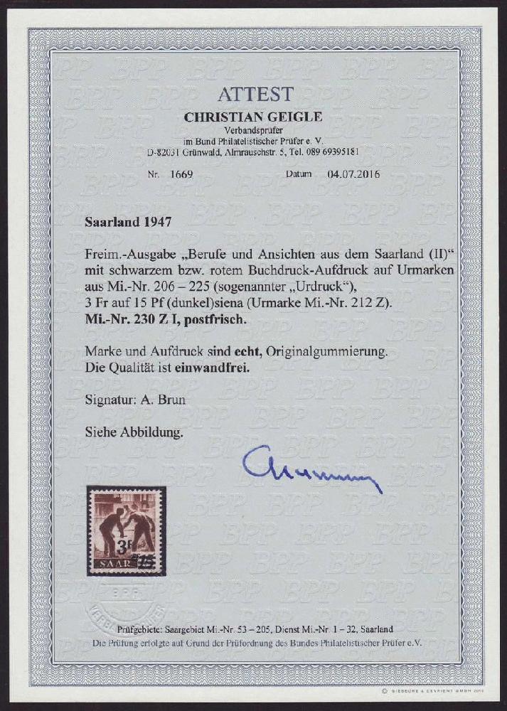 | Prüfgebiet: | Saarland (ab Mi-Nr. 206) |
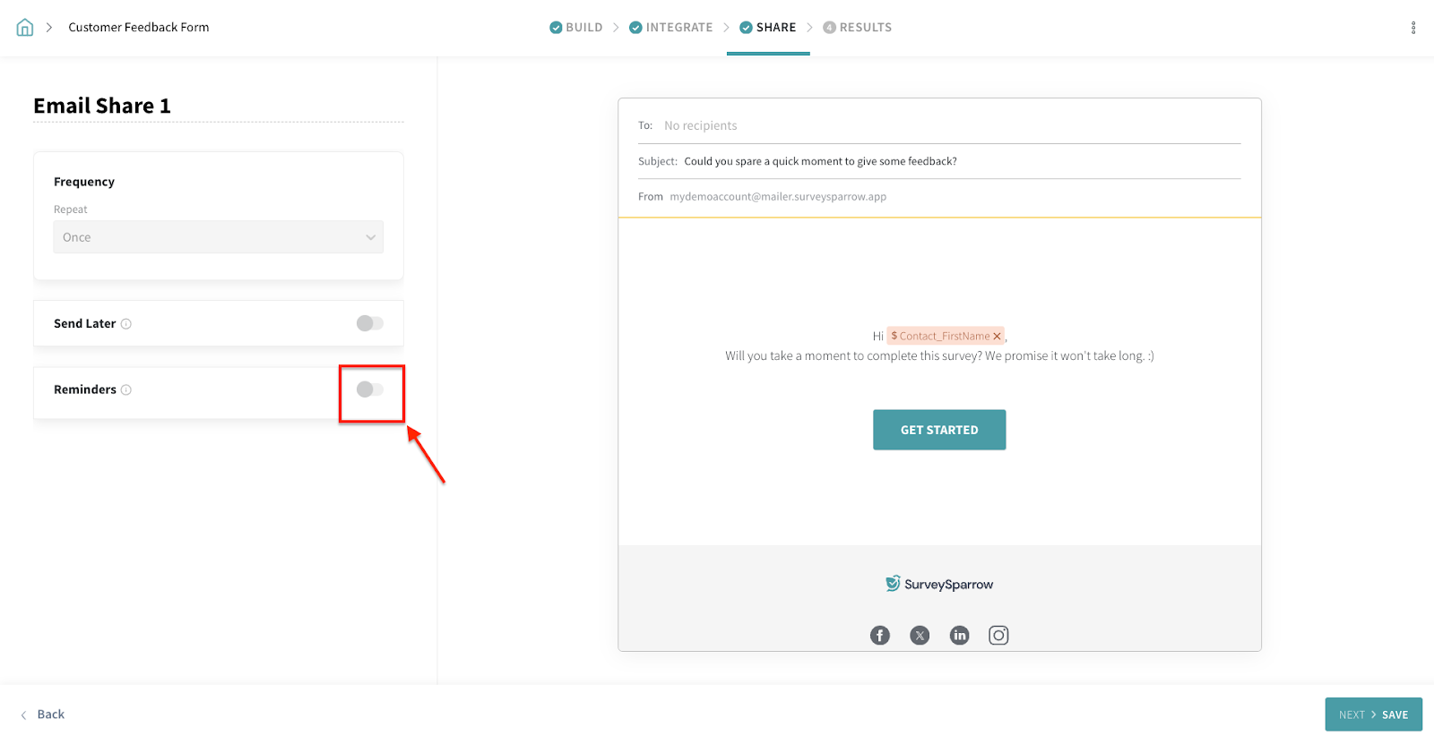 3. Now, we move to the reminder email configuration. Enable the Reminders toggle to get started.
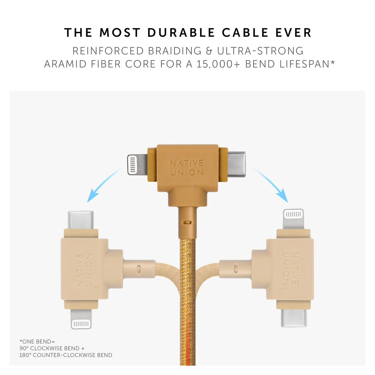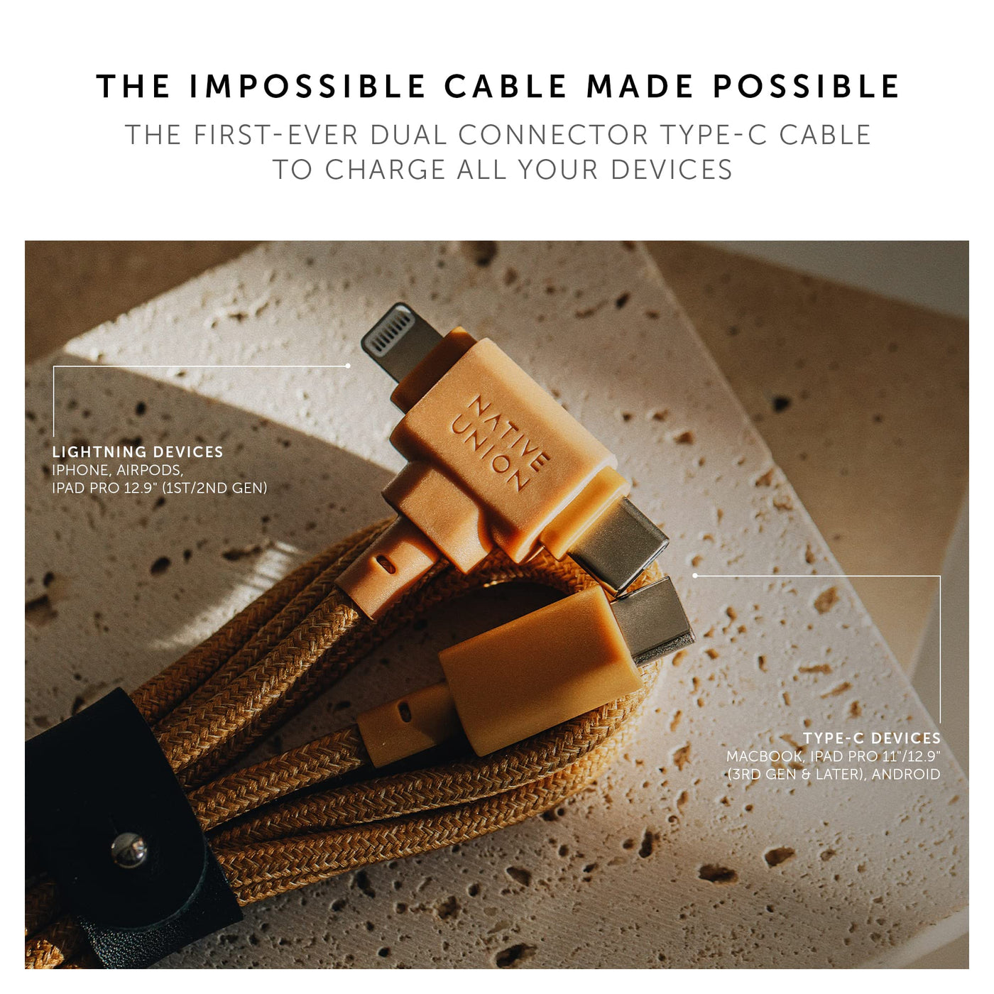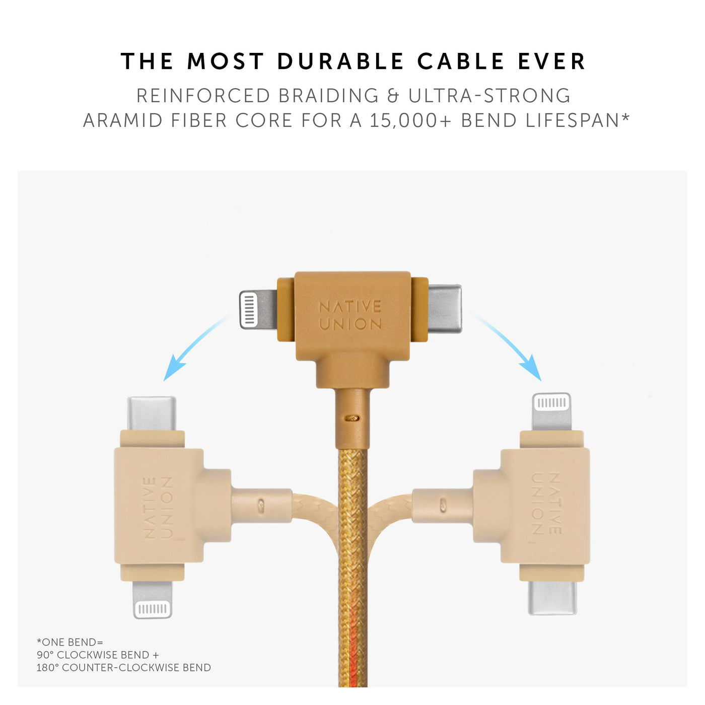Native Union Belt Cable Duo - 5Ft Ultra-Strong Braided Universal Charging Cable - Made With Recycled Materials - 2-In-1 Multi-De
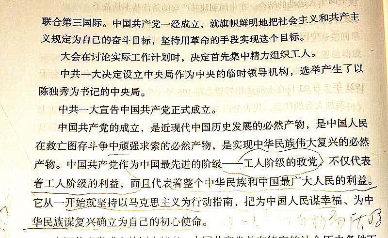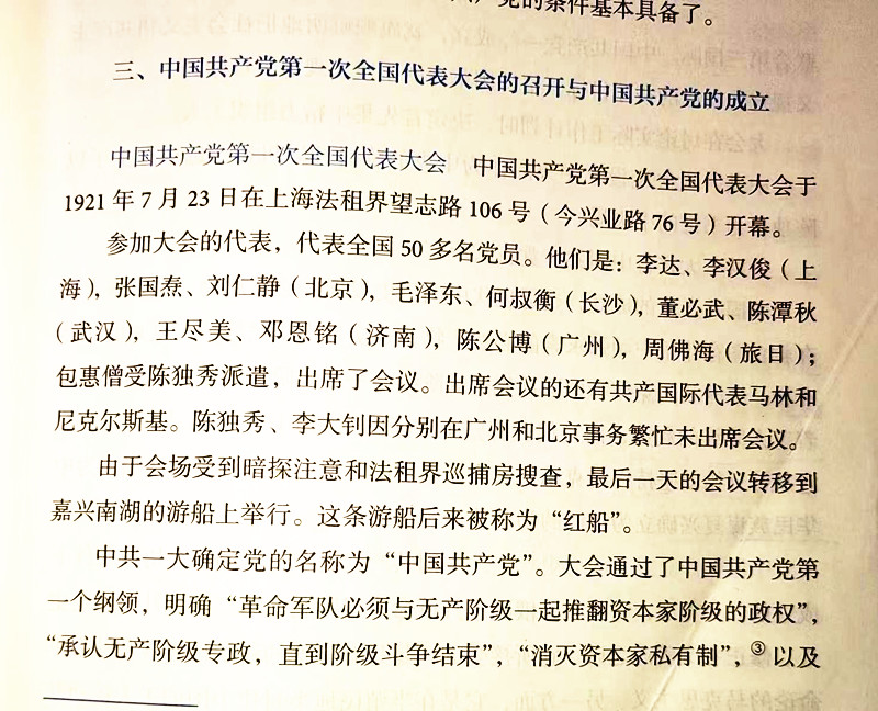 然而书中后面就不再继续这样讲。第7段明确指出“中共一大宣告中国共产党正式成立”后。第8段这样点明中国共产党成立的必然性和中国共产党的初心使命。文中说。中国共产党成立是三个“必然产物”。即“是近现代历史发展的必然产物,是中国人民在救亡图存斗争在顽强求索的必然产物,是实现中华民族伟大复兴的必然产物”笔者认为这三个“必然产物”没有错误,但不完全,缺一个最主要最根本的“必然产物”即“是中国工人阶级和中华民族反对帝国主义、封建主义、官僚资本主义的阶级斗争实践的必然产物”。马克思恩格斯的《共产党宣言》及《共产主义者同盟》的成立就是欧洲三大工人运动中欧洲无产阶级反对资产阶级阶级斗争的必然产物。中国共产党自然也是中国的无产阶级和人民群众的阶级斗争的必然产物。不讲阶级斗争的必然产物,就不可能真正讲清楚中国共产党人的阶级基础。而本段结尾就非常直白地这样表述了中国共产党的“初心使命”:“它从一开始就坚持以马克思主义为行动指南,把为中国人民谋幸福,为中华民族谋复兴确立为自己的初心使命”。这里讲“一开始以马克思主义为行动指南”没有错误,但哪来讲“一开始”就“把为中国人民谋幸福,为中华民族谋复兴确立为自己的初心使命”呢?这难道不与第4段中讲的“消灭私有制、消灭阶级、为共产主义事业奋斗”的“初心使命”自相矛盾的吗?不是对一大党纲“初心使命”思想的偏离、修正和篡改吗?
==
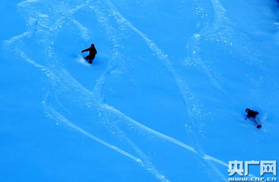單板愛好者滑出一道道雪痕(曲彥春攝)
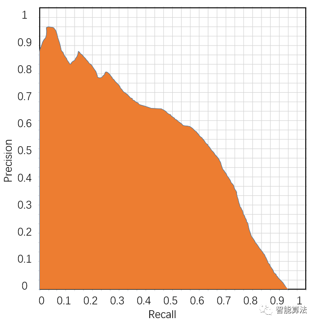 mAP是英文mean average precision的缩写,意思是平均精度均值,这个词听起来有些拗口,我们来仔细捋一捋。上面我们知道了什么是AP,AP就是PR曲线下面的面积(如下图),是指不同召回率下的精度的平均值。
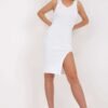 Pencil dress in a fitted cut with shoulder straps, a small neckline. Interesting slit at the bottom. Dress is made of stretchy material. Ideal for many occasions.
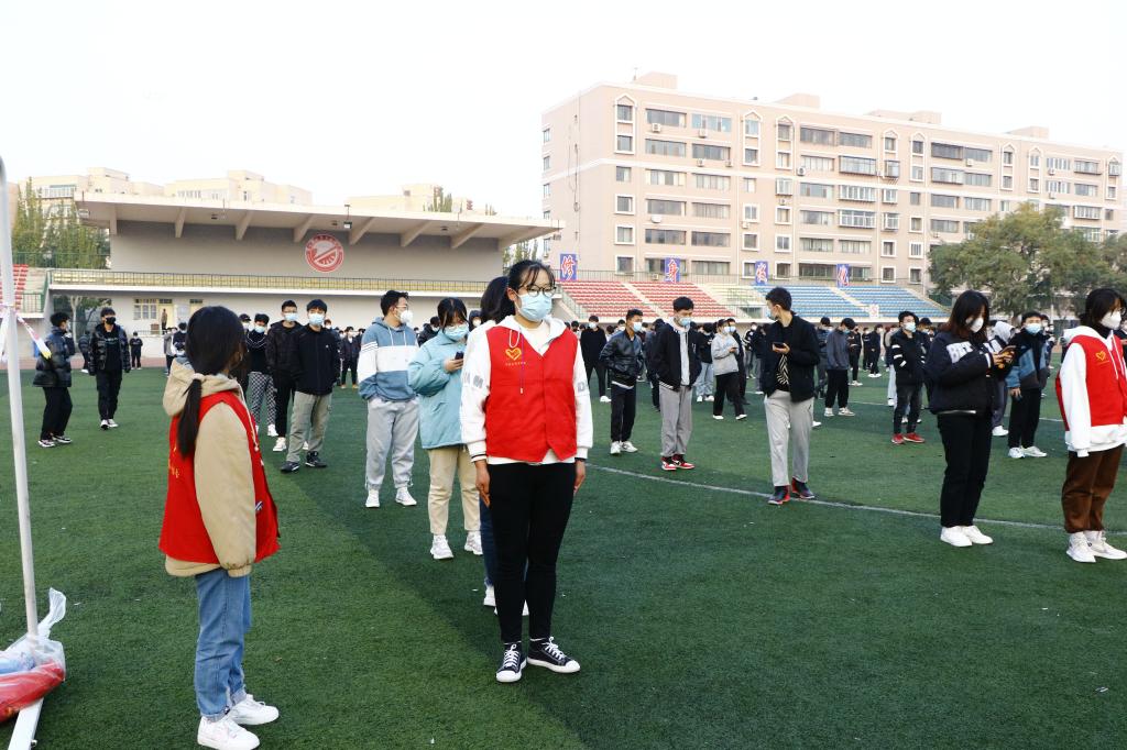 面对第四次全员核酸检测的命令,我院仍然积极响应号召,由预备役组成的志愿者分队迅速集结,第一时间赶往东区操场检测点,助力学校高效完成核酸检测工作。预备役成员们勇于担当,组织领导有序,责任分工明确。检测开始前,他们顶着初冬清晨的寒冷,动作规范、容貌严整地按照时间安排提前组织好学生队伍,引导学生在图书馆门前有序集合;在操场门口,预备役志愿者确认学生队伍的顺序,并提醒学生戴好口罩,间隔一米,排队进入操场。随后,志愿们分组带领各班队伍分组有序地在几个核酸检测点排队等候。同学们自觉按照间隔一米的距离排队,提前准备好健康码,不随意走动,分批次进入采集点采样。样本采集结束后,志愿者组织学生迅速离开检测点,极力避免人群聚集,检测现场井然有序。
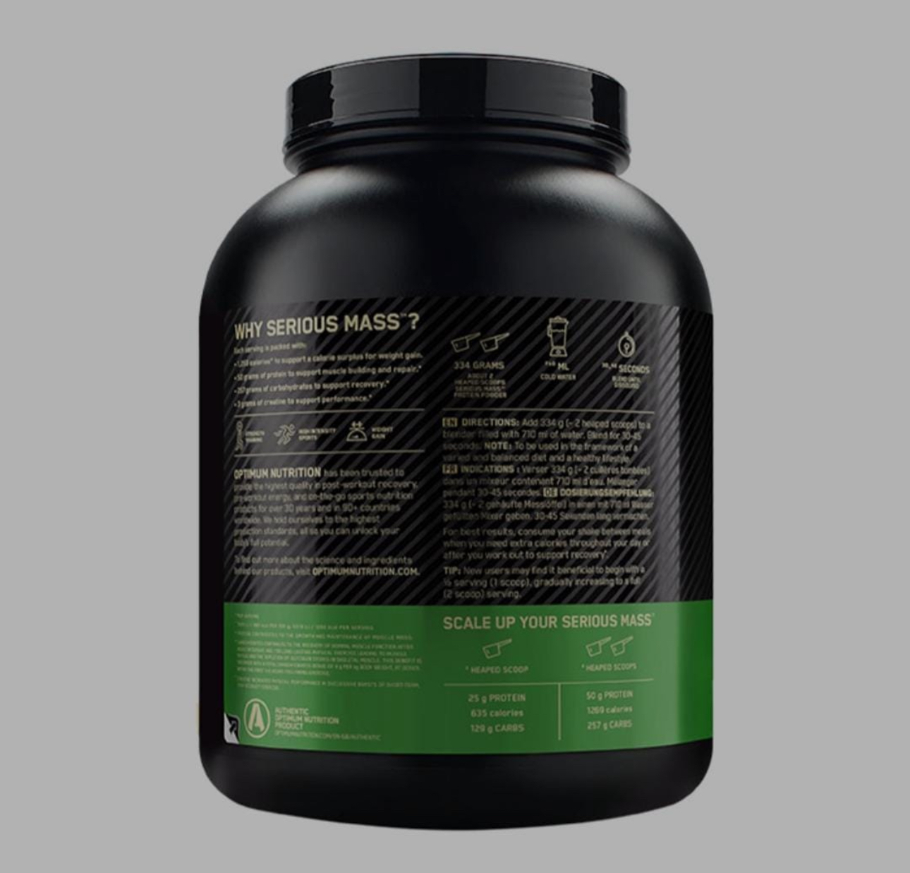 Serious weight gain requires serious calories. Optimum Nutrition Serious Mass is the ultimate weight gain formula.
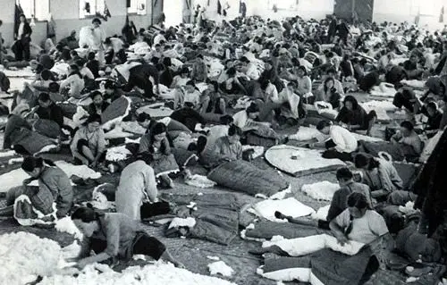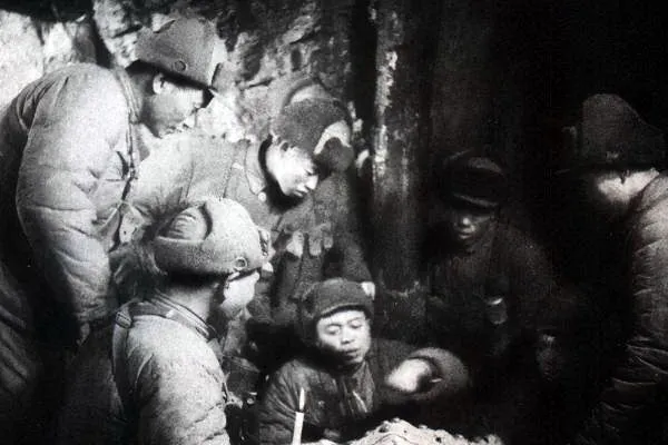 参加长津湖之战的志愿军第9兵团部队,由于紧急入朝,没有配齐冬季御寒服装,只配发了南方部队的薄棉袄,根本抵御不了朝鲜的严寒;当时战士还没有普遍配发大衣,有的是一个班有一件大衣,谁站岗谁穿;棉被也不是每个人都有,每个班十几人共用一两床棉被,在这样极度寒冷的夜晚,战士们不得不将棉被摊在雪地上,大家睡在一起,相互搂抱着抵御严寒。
==
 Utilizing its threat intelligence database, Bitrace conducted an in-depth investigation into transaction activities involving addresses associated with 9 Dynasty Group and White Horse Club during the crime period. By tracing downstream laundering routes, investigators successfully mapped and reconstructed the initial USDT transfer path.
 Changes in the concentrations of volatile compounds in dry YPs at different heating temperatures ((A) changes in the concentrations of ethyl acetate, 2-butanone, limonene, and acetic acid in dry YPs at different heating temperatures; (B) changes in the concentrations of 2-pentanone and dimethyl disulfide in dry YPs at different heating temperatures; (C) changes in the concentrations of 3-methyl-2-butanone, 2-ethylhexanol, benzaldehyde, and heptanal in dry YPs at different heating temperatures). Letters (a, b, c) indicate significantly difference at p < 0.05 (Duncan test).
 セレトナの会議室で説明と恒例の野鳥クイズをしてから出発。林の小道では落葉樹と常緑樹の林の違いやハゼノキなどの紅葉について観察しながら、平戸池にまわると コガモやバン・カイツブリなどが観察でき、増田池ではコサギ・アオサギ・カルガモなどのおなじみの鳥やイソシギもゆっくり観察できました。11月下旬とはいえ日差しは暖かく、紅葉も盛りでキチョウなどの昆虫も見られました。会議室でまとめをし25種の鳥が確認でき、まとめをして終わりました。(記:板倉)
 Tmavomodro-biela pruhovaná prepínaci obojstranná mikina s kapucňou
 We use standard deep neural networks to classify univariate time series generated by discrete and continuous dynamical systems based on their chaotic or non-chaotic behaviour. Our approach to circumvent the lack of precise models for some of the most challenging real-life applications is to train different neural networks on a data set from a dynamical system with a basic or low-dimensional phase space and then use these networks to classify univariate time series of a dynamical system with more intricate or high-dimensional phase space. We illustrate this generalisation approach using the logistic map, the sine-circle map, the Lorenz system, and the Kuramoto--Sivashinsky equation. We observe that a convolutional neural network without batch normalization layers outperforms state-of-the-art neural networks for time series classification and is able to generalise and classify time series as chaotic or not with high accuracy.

**How to complete this task**
Please copy out from the data above, without any picture, exactly the lines running from the one that holds "Mi-Nr. 206) |" through the one that holds "Native Union Belt", and nothing beyond them.

**Response**
 | Prüfgebiet: | Saarland (ab Mi-Nr. 206) |
 3. Now, we move to the reminder email configuration. Enable the Reminders toggle to get started.
Native Union Belt Cable Duo - 5Ft Ultra-Strong Braided Universal Charging Cable - Made With Recycled Materials - 2-In-1 Multi-De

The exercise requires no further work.